PURE LAPAROSCOPIC DONOR NEPHRECTOMY: DOES THE SIDE OF EXTRACTON AFFECT OUTCOMES?
eric K diner, bart radolinski, jonah murdock, S R ghasemian
washington hospital center, washington, DC
Purpose: We reviewed our recent series of 142 pure laparoscopic living donor nephrectomies performed by one surgeon at Washington Hospital Center to determine if the side of extraction affects various operative parameters and outcomes, and post-operative complications.
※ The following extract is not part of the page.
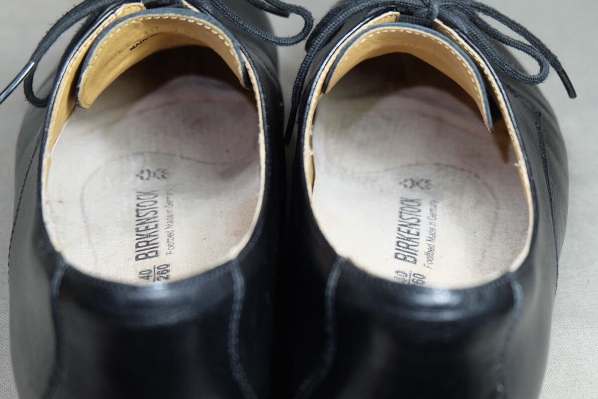 数回着BIRKENSTOCK ビルケンシュトック 極上カーフレザー使用 プレーントゥダービーシューズ UK40 ドイツ 高級革靴 ブラック 整形靴 オプリックトゥ ポルトガル製 ラバーソール メンテナンス&クリーニング済み | |||

Materials and Methods: Between January 2003 and January 2005, 142 (97 left and 45 right) consecutive patients underwent pure laparoscopic living donor nephrectomy. The left and right sided procedures were compared in the following categories: surgical time, warm ischemia time, post-operative analgesia and length of stay, and any complications that occurred.
Results: The mean operative time of a right donor nephrectomy was 195 minutes versus 210 minutes on the left side. The mean warm ischemia time was less than 5 minutes regardless of side. An analgesia and length of stay protocol was initiated whereby patients were discharged on post-operative day 2 or 3 with any length of stay beyond 3 days considered a complication. 14 patients (6 left, 8 right) fell in this category. 12 patients had a post-operative ileus (5 left, 7 right), one patient (left) had a re-operation for an unrecognized bowel injury, one patient required a blood transfusion, and 5 patients (2 left, 3 right) had prolonged pain.
Conclusions: Classically, pure laparoscopic donor nephrectomy was performed solely on the left due to increased length of the left renal vein. We challenge this notion and propose to remove the kidney that is smaller, without nephrolithiasis, and with only single renal vessels and show that operative parameters and post-operative results are equal.